🧪 This is the start of a series of experiments that was sparked by the question if we can create (better) pictures of Artificial Intelligence by using AI techniques to generate them. The question emerged from a bigger research project in which I am involved which is researching ways to improve the visual representation of AI in the media: “Better images of AI”.
⚗️ Which AI techniques are most suited to generate these images? How do we deal with the biases engraved in these systems? Can we expose and unpack the infrastructure and human labour behind the datasets and algorithms that led to these images and make it transparent in the image making process, rather than hiding the human labour and pretending AI systems are autonomous?
1. What is AttentionGAN?
The AttentionGAN model I will use is capable of transforming text to images. That’s an interesting capability for our task.

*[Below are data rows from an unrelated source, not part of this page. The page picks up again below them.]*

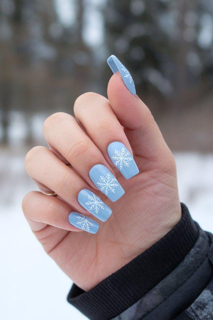 Soft blue nails paired with crisp white snowflake art create a simple, cute, and cozy January look that feels fresh and wintry.
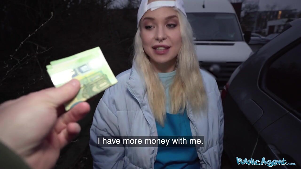 Public Sex Blonde Pizza Delivery girl with BIG NATURAL BOOBS gets her wet pussy filled
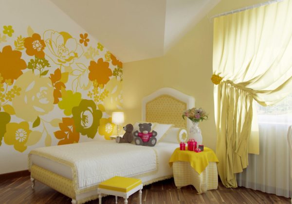 La seule nuance jaune est mieux utilisée comme accents. Sinon, la couleur peut nuire à la psyché de l'enfant, le rendant trop actif.
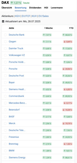 Die TecDAX Finanzen der Einzelwerte kannst Du auf der Seite Bewertung analysieren. Dort findest Du alle Informationen zu Aktienkursen, Bewertungen der TecDAX Einzelwerte (KGV, EV/FCF, KUV & EV/Sales) und Analysen gemäß der Dividenden-, High-Growth- und Levermann-Strategie.
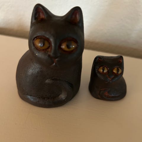 Estey Meier Keramik kattefigur sæt bestående af to sorte kattefigurer. Fremstillet i keramik med detaljeret udformning. Velegnet som dekorative elementer i hjemmet.
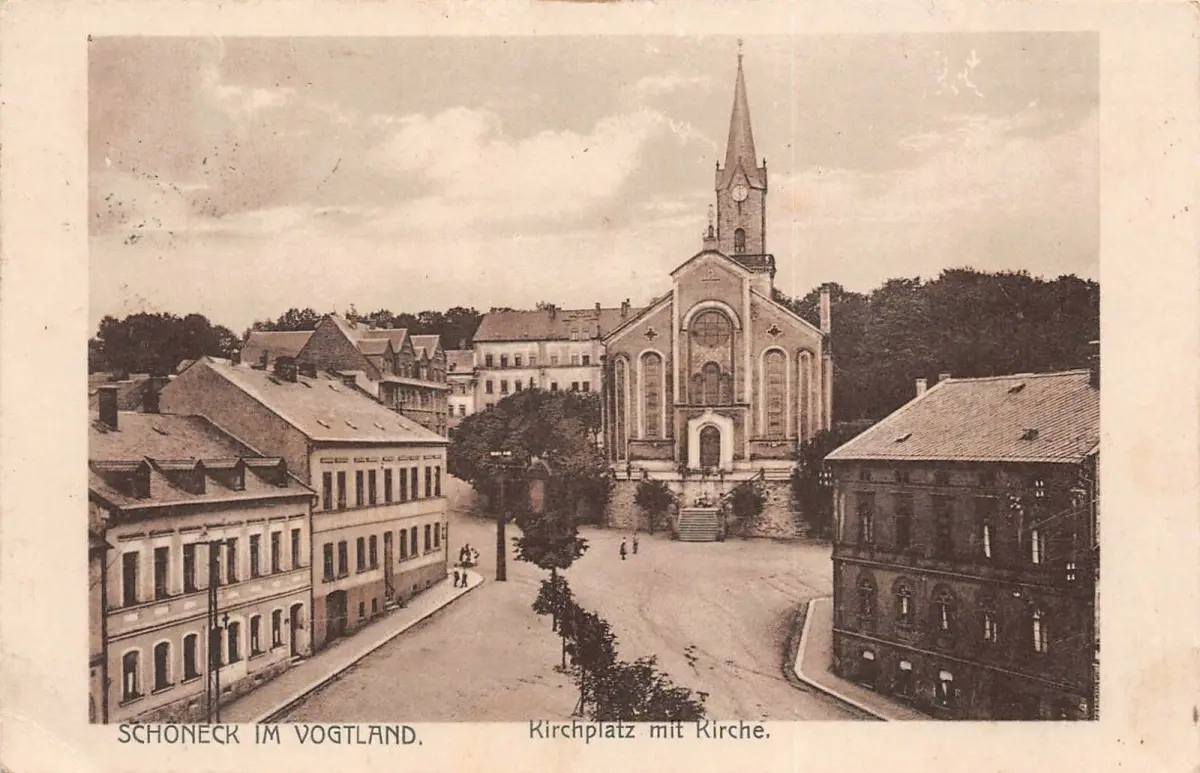 Kirchplatz und Kirche in Schöneck Vogtland Sachsen AK 1925
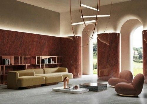 马可波罗岩板【锈钢格岩】以锈化艺术为灵感,搭配当代流行的几何格纹,时尚气息与高级质感扑面而来,构建出当代都会生活的高雅质感。
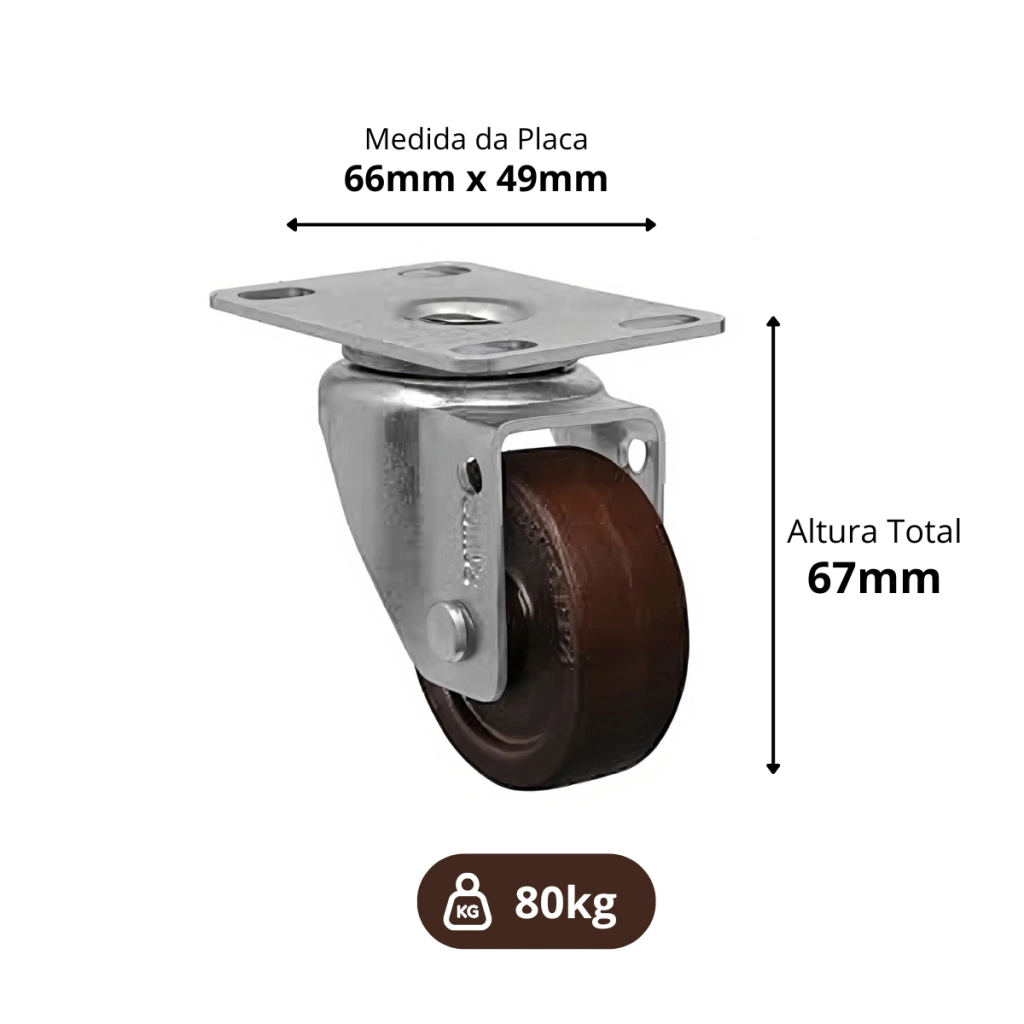 | Dimensões principais | Diâmetro da roda: 50 mm (2″); Largura da roda: 19 mm; Altura total: 67 mm |

AttentionGAN for text-to-image generation is a neural network architecture proposed in the paper AttnGAN: Fine-Grained Text to Image Generation with Attentional Generative Adversarial Networks by Tao Xu et al. (in 2019).
A GAN (Generative Adversarial Network) is a type of neural network architecture that leverages a machine learning strategy called “adversarial training”. A GAN consists of two networks, the discriminator and the generator, both becoming better over time. After training, the generator can be used to generate new images (or whatever domain it was trained on).
Attention is a technique in machine learning that can be applied to many fields, from computer vision to natural language processing. (Transformer networks are extensively using the attention mechanism). The main idea with attention is that some parts of the data are more important than others.
“AttnGAN can synthesize fine-grained details at different subregions of the image by paying attentions to the relevant words in the natural language description” say the authors in the abstract.
Good to know: A pretrained AttentionGAN model can be used conveniently inside RunwayML, a platform for creative AI.
2. Choosing prompts and generating images
In order to come up with text input I searched for “Artificial Intelligence” on common stock photo platforms and collected the captions under these images. Here are some examples:
- “3d rendering robot learning or solving problems”
- “artificial intelligence”
- “artificial intelligence digital concept with brain shape”
- “Electricity flowing through computer printed circuitboard style brain graphic”
- “Hands of robot and human touching”
- “mechanical robot”
- “Robot checking brain testing result with computer interface, futuristic human brain analysis, innovative technology in science and medicine concept”
- “white humanoid robot”
(I find that the wordings of these stock photo captions themselves have a unique style to them..)
These are a selection of results when I feed the captions into AttentionGAN. Multiple images per prompt have been generated by appending white space to the input text.
3. A closer look at the dataset: COCO
After looking at these generated images I asked myself what the dataset looks like that this model was pre trained with. Did the words “robot” or “artificial intelligence” even exist in this dataset? That’s a crucial question. So I needed to find out what the RunwayML model was trained with.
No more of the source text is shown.